## What is being asked
Word for word, please copy the line containing "在冰雪渔猎文化旅游节前后几天" and all lines after it in the entries below, and only those, leaving every picture out.

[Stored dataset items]
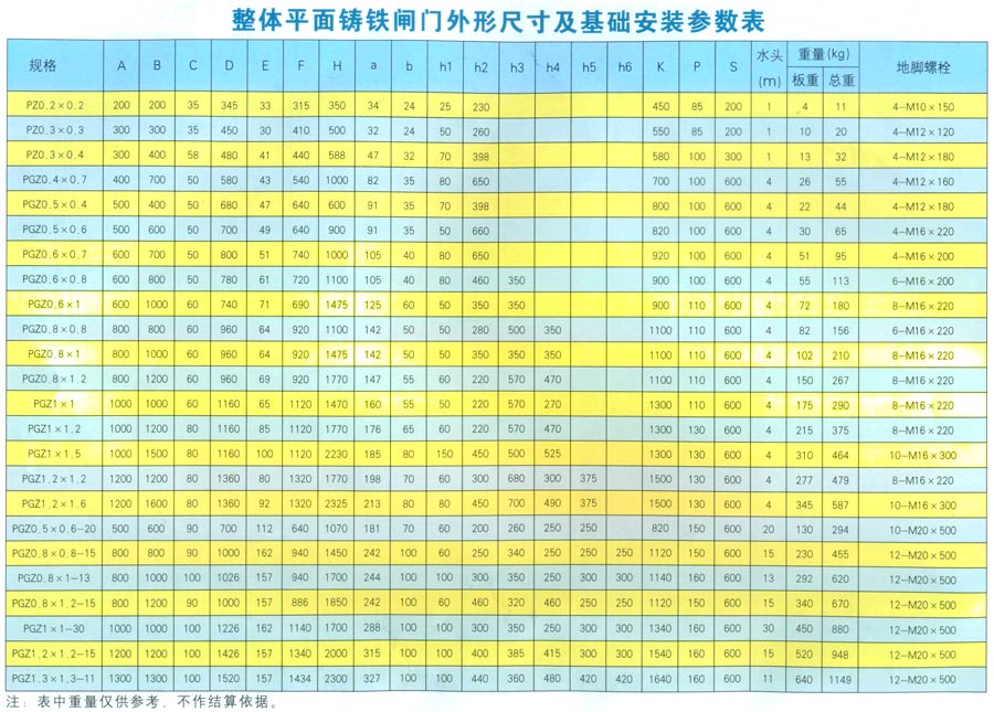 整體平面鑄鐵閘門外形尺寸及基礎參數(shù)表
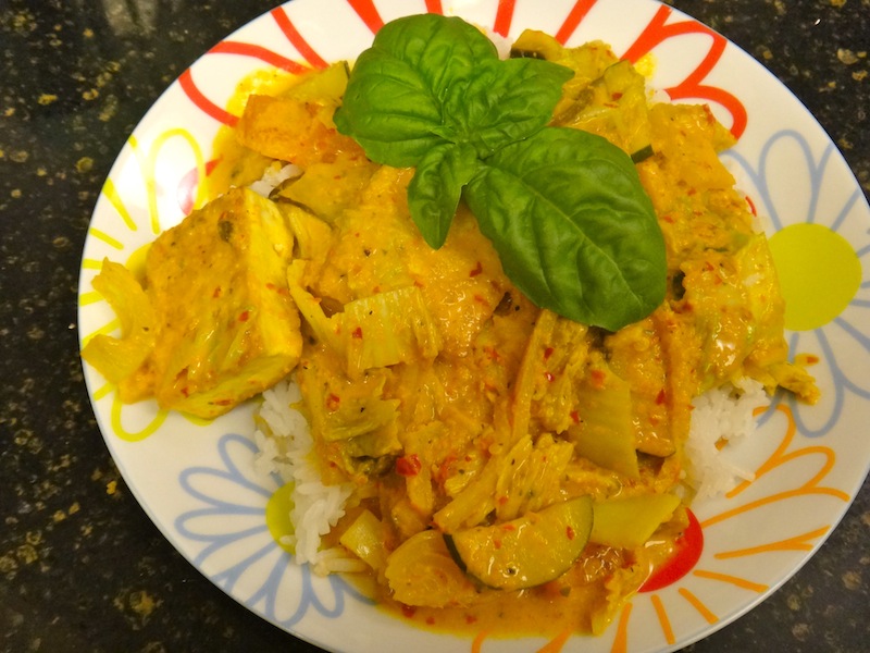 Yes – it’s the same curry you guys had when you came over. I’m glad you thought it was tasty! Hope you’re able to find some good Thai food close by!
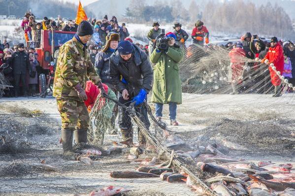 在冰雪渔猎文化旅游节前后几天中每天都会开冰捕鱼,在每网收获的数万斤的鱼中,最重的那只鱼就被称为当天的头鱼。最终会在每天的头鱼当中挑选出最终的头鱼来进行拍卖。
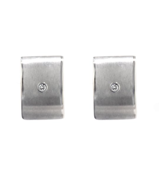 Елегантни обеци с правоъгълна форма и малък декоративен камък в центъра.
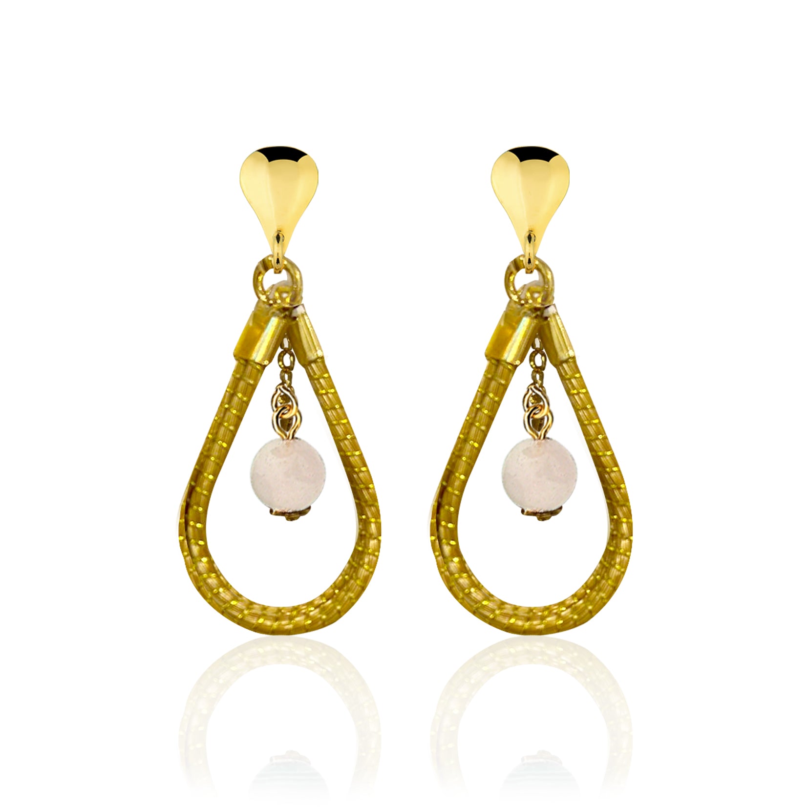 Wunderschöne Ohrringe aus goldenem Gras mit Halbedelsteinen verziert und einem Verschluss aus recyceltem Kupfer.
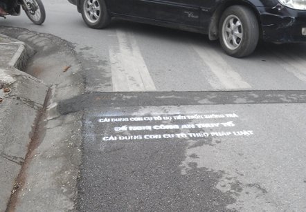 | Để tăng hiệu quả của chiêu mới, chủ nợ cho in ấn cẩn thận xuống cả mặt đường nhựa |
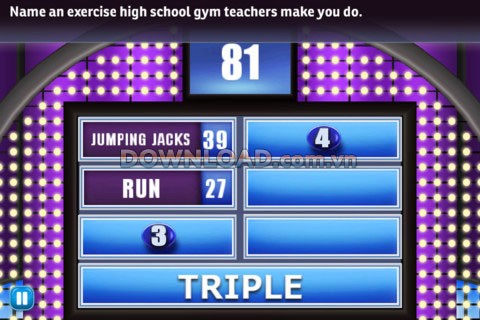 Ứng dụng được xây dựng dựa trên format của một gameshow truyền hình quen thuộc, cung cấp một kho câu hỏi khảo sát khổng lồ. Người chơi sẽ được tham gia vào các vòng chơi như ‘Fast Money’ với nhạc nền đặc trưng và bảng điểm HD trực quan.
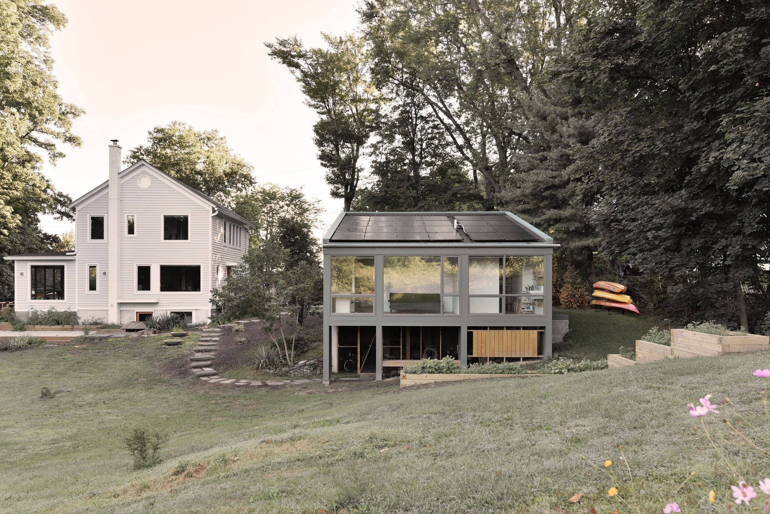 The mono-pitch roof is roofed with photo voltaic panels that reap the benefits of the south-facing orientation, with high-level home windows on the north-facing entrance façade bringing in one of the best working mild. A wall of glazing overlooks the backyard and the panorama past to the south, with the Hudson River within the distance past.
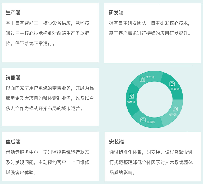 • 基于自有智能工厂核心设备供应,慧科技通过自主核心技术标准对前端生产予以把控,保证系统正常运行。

## Problem solution
 在冰雪渔猎文化旅游节前后几天中每天都会开冰捕鱼,在每网收获的数万斤的鱼中,最重的那只鱼就被称为当天的头鱼。最终会在每天的头鱼当中挑选出最终的头鱼来进行拍卖。
 Елегантни обеци с правоъгълна форма и малък декоративен камък в центъра.
 Wunderschöne Ohrringe aus goldenem Gras mit Halbedelsteinen verziert und einem Verschluss aus recyceltem Kupfer.
 | Để tăng hiệu quả của chiêu mới, chủ nợ cho in ấn cẩn thận xuống cả mặt đường nhựa |
 Ứng dụng được xây dựng dựa trên format của một gameshow truyền hình quen thuộc, cung cấp một kho câu hỏi khảo sát khổng lồ. Người chơi sẽ được tham gia vào các vòng chơi như ‘Fast Money’ với nhạc nền đặc trưng và bảng điểm HD trực quan.
 The mono-pitch roof is roofed with photo voltaic panels that reap the benefits of the south-facing orientation, with high-level home windows on the north-facing entrance façade bringing in one of the best working mild. A wall of glazing overlooks the backyard and the panorama past to the south, with the Hudson River within the distance past.
 • 基于自有智能工厂核心设备供应,慧科技通过自主核心技术标准对前端生产予以把控,保证系统正常运行。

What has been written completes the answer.